Someone looking to pick holes in the approach Lorsch and Tierney suggest might level a couple of reasons why they can ignore the authors’ advice. The first is that firms can and often do “buy” talent rather than cultivating their own. By doing so, perhaps they can avoid the expense of investing in young talent and the energy of building a starmaking culture?

But Lorsch and Tierney warn that lateral hires can create problems that make them a less than ideal long-term solution.

“Bringing in a partner-level professional is complicated on two dimensions. One is the signal it can send to younger people in the firm, who often perceive (rightly or not) that it diminishes their own opportunities because there are only so many senior slots. The other is the obvious difficulty or assessing how the lateral hire will affect the firm’s gene pool…. If your new lateral hire is a gifted creature who brings with him several key accounts but quickly alienates the team of younger professionals he is meant to lead, your firm is worse off for the hire in the long run.”

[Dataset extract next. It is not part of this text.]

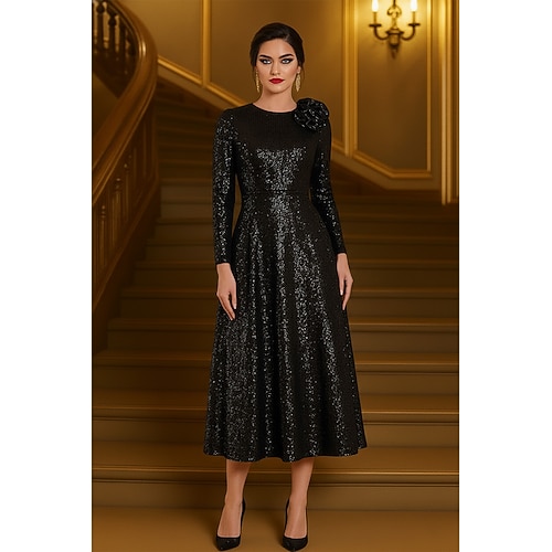 Linea ad A Lunghezza Tè Abiti da Cocktail Abiti da festa Elegante Manica Lunga Girocollo Festa in giardino Matrimonio Con Paillettes con Fiore sulla Spalla

The second reason for questioning whether all this work is necessary is perhaps more serious. Lorsch and Tierney are writing for professional service firms seeking to build long-term sustainable competitive advantage, but short-termism has come to the professional services business just as it has to the rest of the business world. Many public relations firms appear to be “built to flip,” to use the phrase employed by business guru James Collins to describe the dot-com mentality.

Most PR entrepreneurs see selling their firm to a larger competitor or a giant holding company as their only viable exit strategy. If that’s the case, why worry about long-term investments in people?

One answer is that smart buyers will one day look at a firm’s culture and its talent pool with as much care and attention as they currently look at its financials and its client list. The fact that they don’t do so today is perhaps one reason so many public relations acquisitions fail to live up to expectations.